=== What to work on ===
The entries are to be given back verbatim; no picture is to be copied.

Segment Start: Listed entries

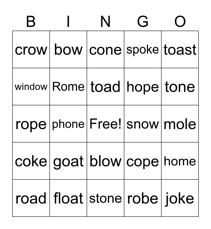 This bingo card has a free space and 24 words: goat, float, toad, road, toast, crow, window, bow, snow, blow, hope, rope, cope, home, Rome, robe, mole, cone, tone, phone, joke, coke, spoke and stone.
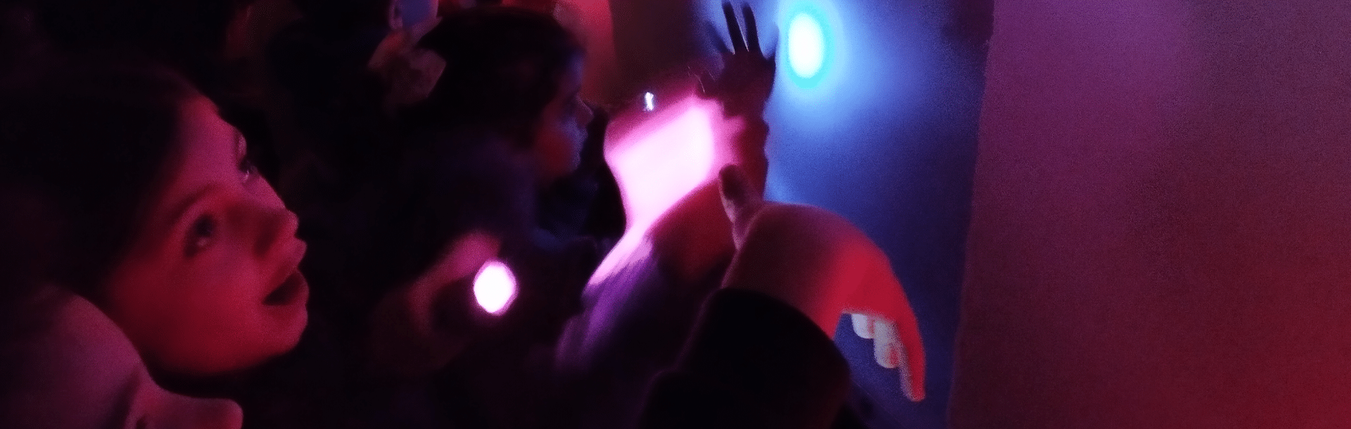 El taller se desarrolló en un ambiente especial, creado en un espacio parcialmente oscurecido, utilizando linternas y filtros de colores. Esta atmósfera mágica permitió a los niños experimentar y jugar con las mezclas de colores luz, descubriendo las diferencias con las mezclas de pigmentos y disfrutando del asombro que estos efectos producen en sus sentidos.
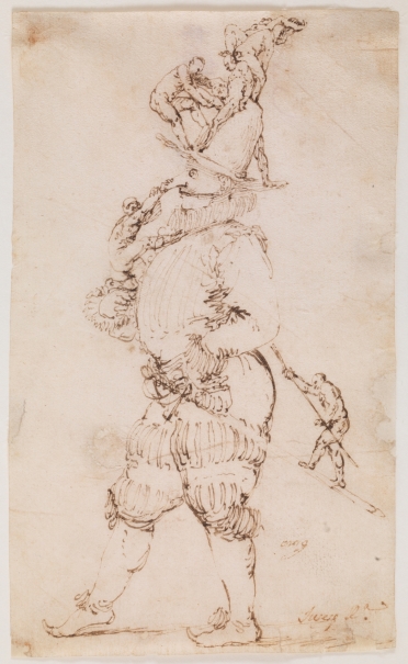 Esta obra forma parte de la muestra del Ribera dibujante que actualmente podemos visitar en el Prado y da fe de la enorme libertad, autonomía y modernidad de este artista cuando dibujaba. Sin Italia esta originalidad no habría sido posible: además de tipos y escenas reales, Il El Españoleto diseñó composiciones tan imaginativas como esta, intensamente expresivas, con cuerpos distorsionados. Como su contemporáneo Jacques Callot, Riberá dibujó personajes extravagantes: este gigante es el contrapunto a los enanos de aquel y por su indumentaria recuerda a los personajes de la Comedia del Arte.
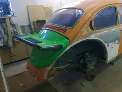 En annan begagnad har köpts in, och lagats upp plåtmässigt, så bara den får lite etsgrund och grundfärg/lack på sig så ska den nog funka för att hålla väder och vind ute.
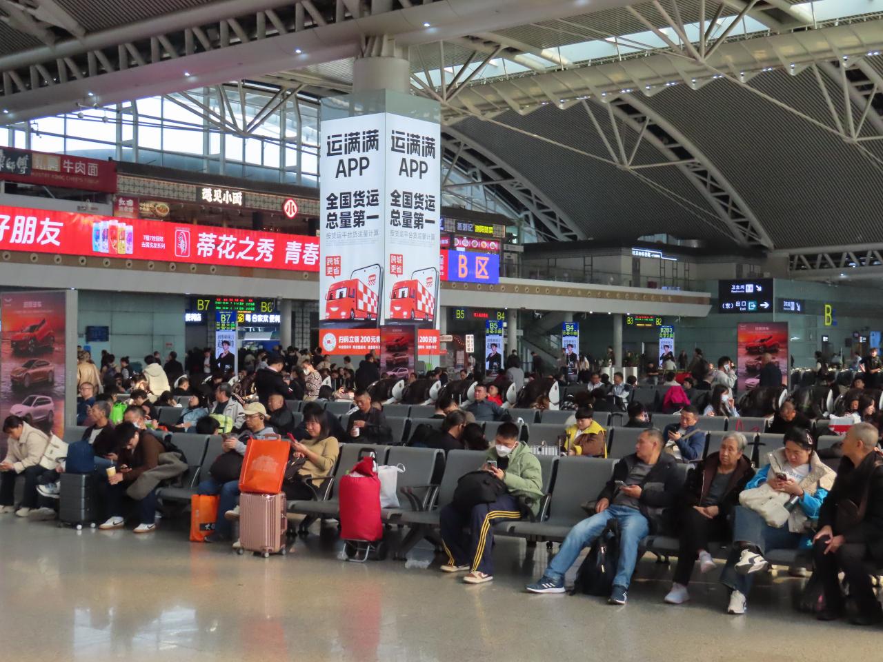 朝からなかなかの混雑ですが、これが春節や国慶節の大型連休になると、この比ではありません。コンコースが人で埋め尽くされます。 -
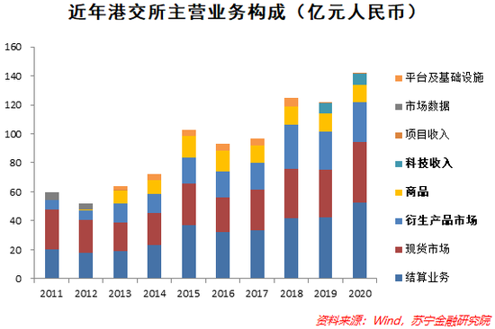 包括所有在联交所的现货市场交易平台以及透过沪港通、深港通在上海和深圳证交所所买卖的股本证券产品。业务收入主要来自于股票的交易费、交易系统使用费以及市场数据费。
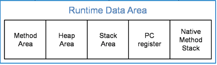 런타임 데이터 영역(Runtime Data Area)은 JVM의 메모리 영역으로 어플리케이션 실행을 위한 데이터들이 적재되어 있습니다. 아래 사진처럼 Method Area, Heap Area, Stack Area, PC register, Native Method Stack 5가지로 나뉩니다.
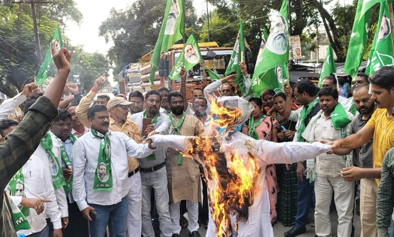 काफी संख्या में झामुमो नेता व कार्यकर्ताओ ने पुतला दहन कार्यक्रम में भाग लिया

Segment End: Listed entries

=== Written solution ===
 This bingo card has a free space and 24 words: goat, float, toad, road, toast, crow, window, bow, snow, blow, hope, rope, cope, home, Rome, robe, mole, cone, tone, phone, joke, coke, spoke and stone.
 El taller se desarrolló en un ambiente especial, creado en un espacio parcialmente oscurecido, utilizando linternas y filtros de colores. Esta atmósfera mágica permitió a los niños experimentar y jugar con las mezclas de colores luz, descubriendo las diferencias con las mezclas de pigmentos y disfrutando del asombro que estos efectos producen en sus sentidos.
 Esta obra forma parte de la muestra del Ribera dibujante que actualmente podemos visitar en el Prado y da fe de la enorme libertad, autonomía y modernidad de este artista cuando dibujaba. Sin Italia esta originalidad no habría sido posible: además de tipos y escenas reales, Il El Españoleto diseñó composiciones tan imaginativas como esta, intensamente expresivas, con cuerpos distorsionados. Como su contemporáneo Jacques Callot, Riberá dibujó personajes extravagantes: este gigante es el contrapunto a los enanos de aquel y por su indumentaria recuerda a los personajes de la Comedia del Arte.
 En annan begagnad har köpts in, och lagats upp plåtmässigt, så bara den får lite etsgrund och grundfärg/lack på sig så ska den nog funka för att hålla väder och vind ute.
 朝からなかなかの混雑ですが、これが春節や国慶節の大型連休になると、この比ではありません。コンコースが人で埋め尽くされます。 -
 包括所有在联交所的现货市场交易平台以及透过沪港通、深港通在上海和深圳证交所所买卖的股本证券产品。业务收入主要来自于股票的交易费、交易系统使用费以及市场数据费。
 런타임 데이터 영역(Runtime Data Area)은 JVM의 메모리 영역으로 어플리케이션 실행을 위한 데이터들이 적재되어 있습니다. 아래 사진처럼 Method Area, Heap Area, Stack Area, PC register, Native Method Stack 5가지로 나뉩니다.
 काफी संख्या में झामुमो नेता व कार्यकर्ताओ ने पुतला दहन कार्यक्रम में भाग लिया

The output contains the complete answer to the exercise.